# INSTRUCTIONS FOR THE TASK
Retype each line of the material exactly, please, skipping any picture in it.
::: INPUT DATA :::
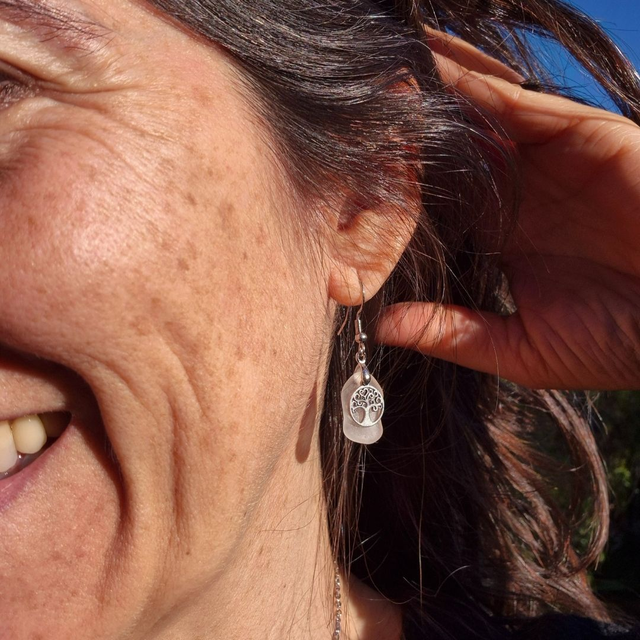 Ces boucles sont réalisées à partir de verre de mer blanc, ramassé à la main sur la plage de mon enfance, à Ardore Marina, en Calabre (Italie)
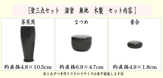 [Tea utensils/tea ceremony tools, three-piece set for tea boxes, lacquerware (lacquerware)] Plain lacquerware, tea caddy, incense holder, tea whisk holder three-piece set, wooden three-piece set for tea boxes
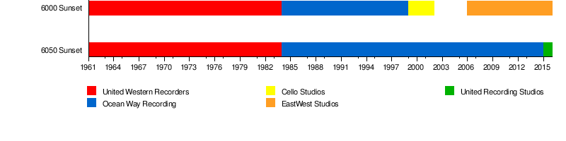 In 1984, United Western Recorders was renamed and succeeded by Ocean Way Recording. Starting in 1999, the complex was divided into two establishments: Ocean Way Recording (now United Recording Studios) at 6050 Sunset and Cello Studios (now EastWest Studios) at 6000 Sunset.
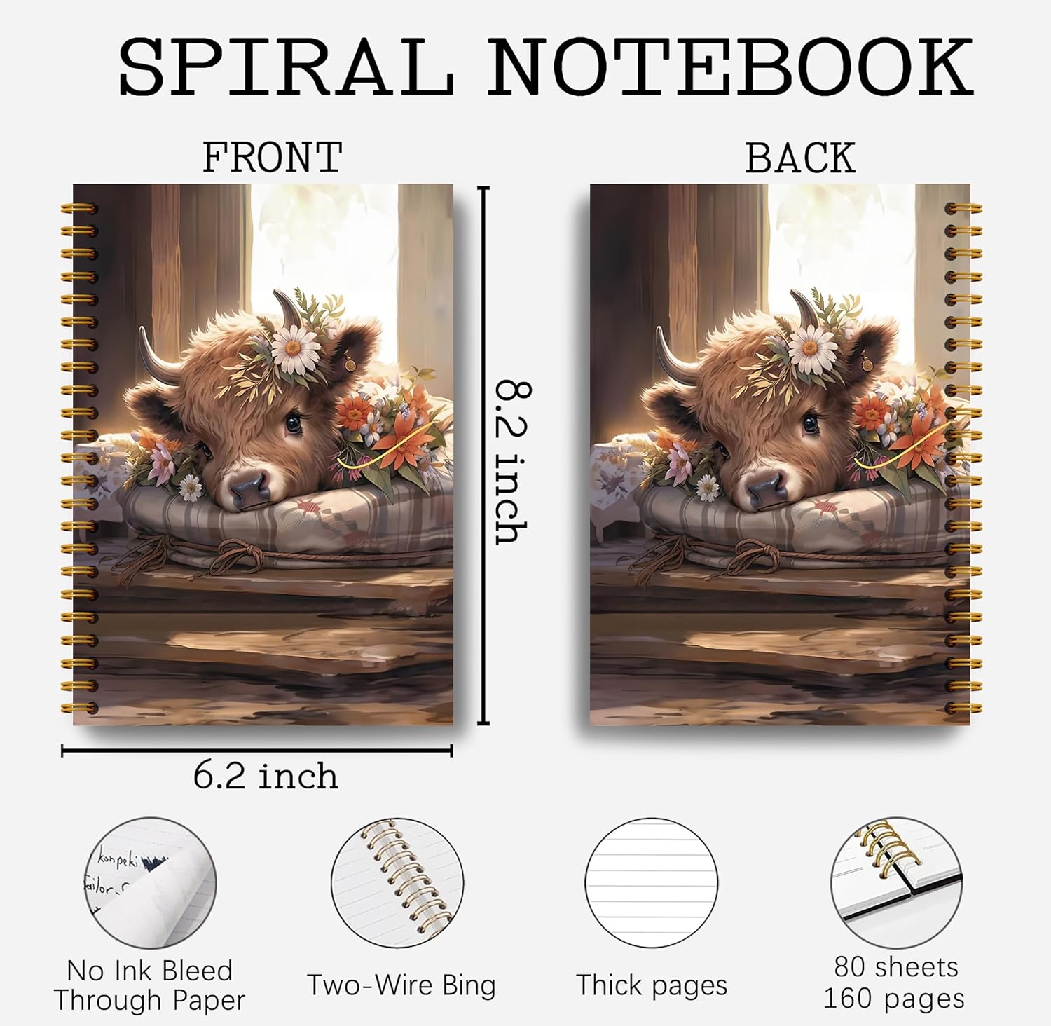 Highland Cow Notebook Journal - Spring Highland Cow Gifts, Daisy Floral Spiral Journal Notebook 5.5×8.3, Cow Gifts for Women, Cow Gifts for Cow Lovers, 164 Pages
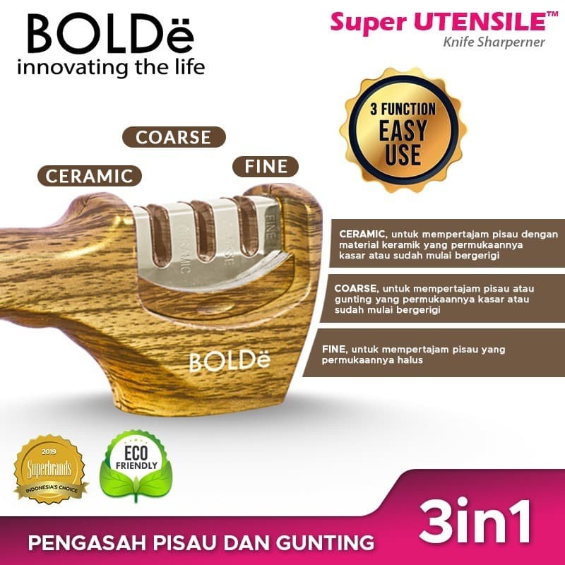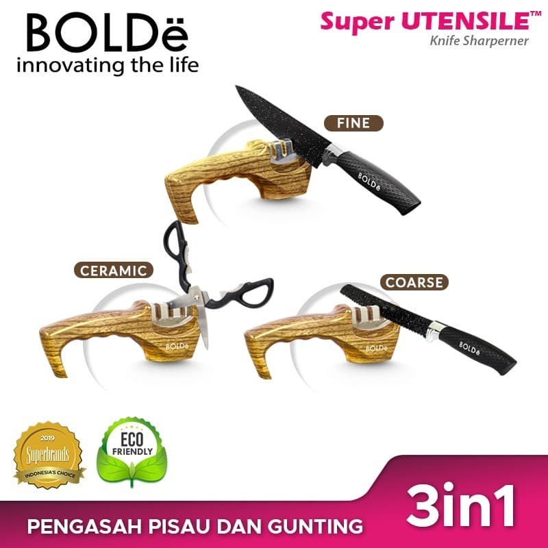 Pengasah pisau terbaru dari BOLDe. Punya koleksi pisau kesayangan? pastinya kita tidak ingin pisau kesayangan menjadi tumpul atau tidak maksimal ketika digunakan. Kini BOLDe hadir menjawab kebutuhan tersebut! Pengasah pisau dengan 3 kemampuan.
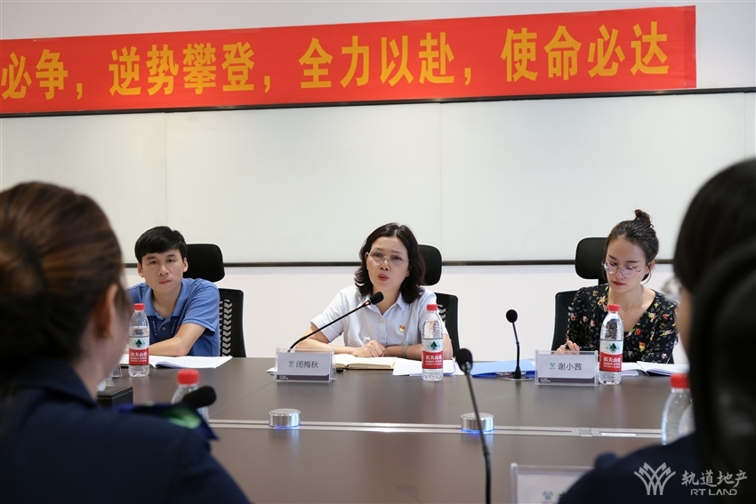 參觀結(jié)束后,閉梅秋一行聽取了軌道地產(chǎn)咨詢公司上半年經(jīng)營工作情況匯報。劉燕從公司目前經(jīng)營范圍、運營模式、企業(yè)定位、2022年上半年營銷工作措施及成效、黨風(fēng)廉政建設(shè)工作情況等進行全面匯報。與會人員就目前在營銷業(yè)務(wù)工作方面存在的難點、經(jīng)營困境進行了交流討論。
:::
# OUTPUT OF THE TASK
 Ces boucles sont réalisées à partir de verre de mer blanc, ramassé à la main sur la plage de mon enfance, à Ardore Marina, en Calabre (Italie)
 [Tea utensils/tea ceremony tools, three-piece set for tea boxes, lacquerware (lacquerware)] Plain lacquerware, tea caddy, incense holder, tea whisk holder three-piece set, wooden three-piece set for tea boxes
 In 1984, United Western Recorders was renamed and succeeded by Ocean Way Recording. Starting in 1999, the complex was divided into two establishments: Ocean Way Recording (now United Recording Studios) at 6050 Sunset and Cello Studios (now EastWest Studios) at 6000 Sunset.
 Highland Cow Notebook Journal - Spring Highland Cow Gifts, Daisy Floral Spiral Journal Notebook 5.5×8.3, Cow Gifts for Women, Cow Gifts for Cow Lovers, 164 Pages
 Pengasah pisau terbaru dari BOLDe. Punya koleksi pisau kesayangan? pastinya kita tidak ingin pisau kesayangan menjadi tumpul atau tidak maksimal ketika digunakan. Kini BOLDe hadir menjawab kebutuhan tersebut! Pengasah pisau dengan 3 kemampuan.
 參觀結(jié)束后,閉梅秋一行聽取了軌道地產(chǎn)咨詢公司上半年經(jīng)營工作情況匯報。劉燕從公司目前經(jīng)營范圍、運營模式、企業(yè)定位、2022年上半年營銷工作措施及成效、黨風(fēng)廉政建設(shè)工作情況等進行全面匯報。與會人員就目前在營銷業(yè)務(wù)工作方面存在的難點、經(jīng)營困境進行了交流討論。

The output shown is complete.